Романтик Виктор Гюго обронил как-то (в «Человеке, который смеётся») фразу-афоризм: «…детям неведом тот способ взлома тюремной двери, который именуется самоубийством»[45]. Реалист Достоевский неоднократно в своём творчестве как бы поправлял-опровергал высоко ценимого им французского писателя: да, младенцам, может быть, такой чудовищный способ избавления от каторги жизни и не ведом, но вот детям, подросткам – сколько угодно. Причём, они способны лишить себя жизни не только по действительно катастрофической причине, как Матрёша, жертва Ставрогина в «Бесах», но и, казалось бы, из-за мелочи, из-за совершеннейшего пустяка. По крайней мере, так считают взрослые. Они даже и не стремятся понять этот страшный феномен, или объясняют-толкуют его поверхностно, совершенно, по мнению Достоевского, извращённо и неправильно.
В «Голосе» от 21 февраля 1876 года промелькнуло сообщение, что в Кишинёве по неизвестной причине застрелился ученик реального училища. Писатель в тот же день делает помету в рабочей тетради с подготовительными материалами к «Дневнику писателя»: «О застрелившихся». Можно предположить, что Достоевского заинтересовал не только сам факт самоубийства подростка-учащегося, но и вот эта якобы неизвестность причины. Немногим более чем за месяц до этого он в той же рабочей тетради под особым знаком nota bene (заметь хорошо) записал: «NB. 19 января. Мнение В. В. Григорьева. Отменим везде в школах телесное наказание, прекрасно; но чего же, между прочим, достигли? Того, что в поколении нашего юношества явилось много страшных трусов, боятся малейшей физической боли, и до того, что при малейшей опасности, угрозе или физическом страдании, трудных уроках, экзаменах сейчас вешаются. Стали страшно невыносливы…»
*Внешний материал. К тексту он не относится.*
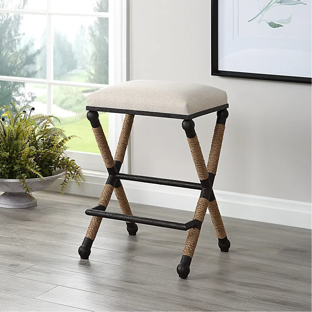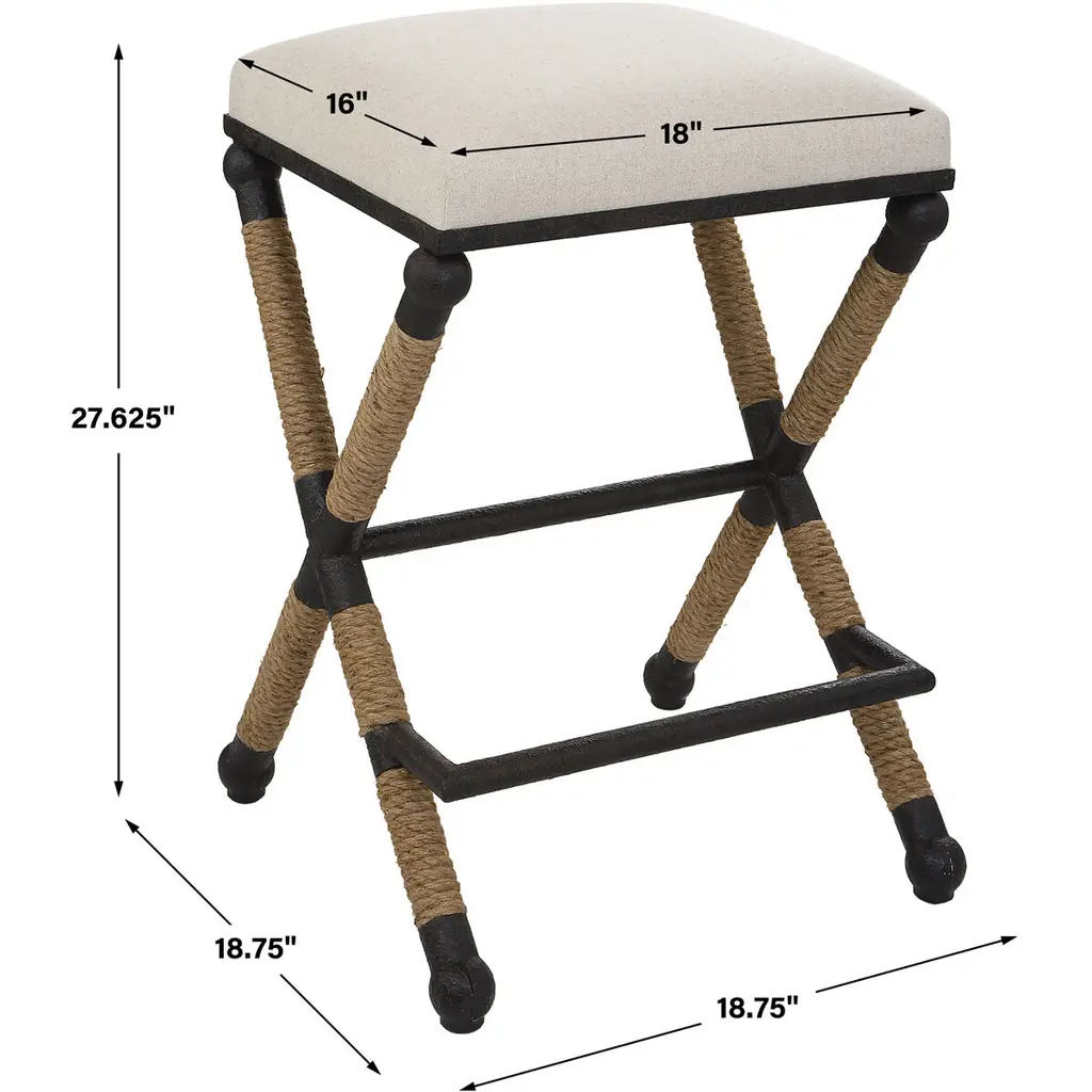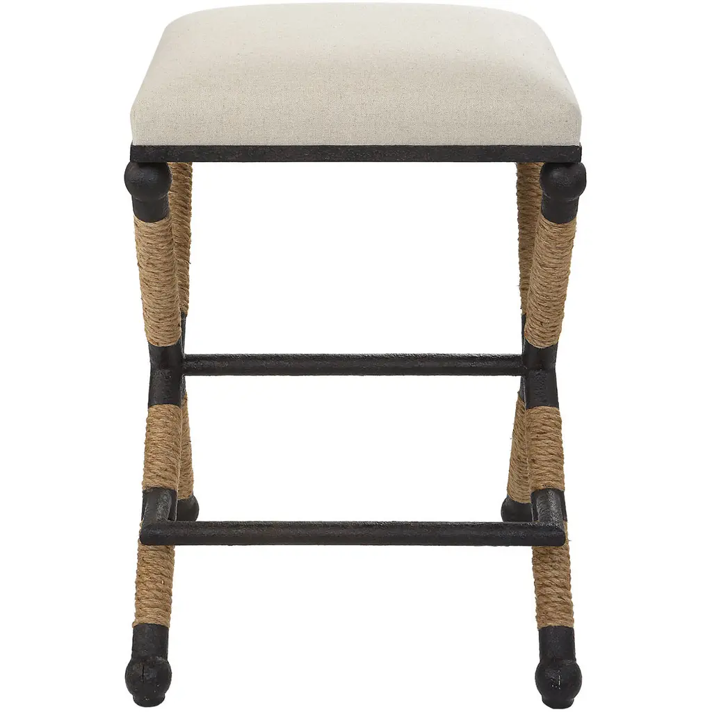 Firth 28 Inch Rustic Iron And Natural Fiber Rope With Oatmeal Counter Stool
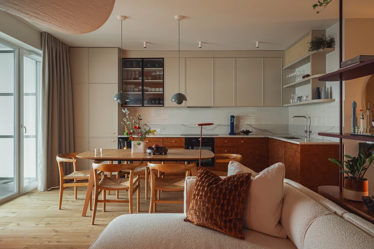 We wnętrzu spotykają się starannie dobrane polskie i skandynawskie marki, które łączą wysoką estetykę z funkcjonalnością. Centralnym punktem życia codziennego stał się stół marki BoConcept, przy którym toczą się rodzinne i towarzyskie spotkania. Strefę relaksu tworzą sofa wypoczynkowa od Optisofa oraz stolik kawowy od Tamo.

Так довольно подробно пересказав-законспектировав суждение профессора Московского университета и известного публициста В. В. Григорьева, Достоевский горько иронизирует: «Действительно, всего вернее объяснить несколько подобных случаев с нашими юношами единственно трусостью. Но странная, однако, точка зрения на предмет…» Тема, судя по всему, крепко задела писателя, начала томить, мучить, формироваться в публицистический текст. Поэтому-то, полученное в ноябре того же года письмо Юркевича из Кишинёва как бы замкнуло некую цепь, стало связующим звеном между сообщением «Голоса» о застрелившемся в том же Кишинёве ученике реального училища и рассуждениями профессора Григорьева о том, что ученики вешаются только лишь из-за глупого детского страха перед наказанием. Достоевский тут же помечает в записной тетради: «Письмо Юркевича», – подчёркивает это двумя чертами (даже пометы NB, видимо, показалось ему недостаточно!) и тут же излагает вкратце суть своего мнения: не в баллах (то есть не в оценке и страхе наказания) причина, а всё дело – в пошатнувшемся семействе, в неправильном воспитании.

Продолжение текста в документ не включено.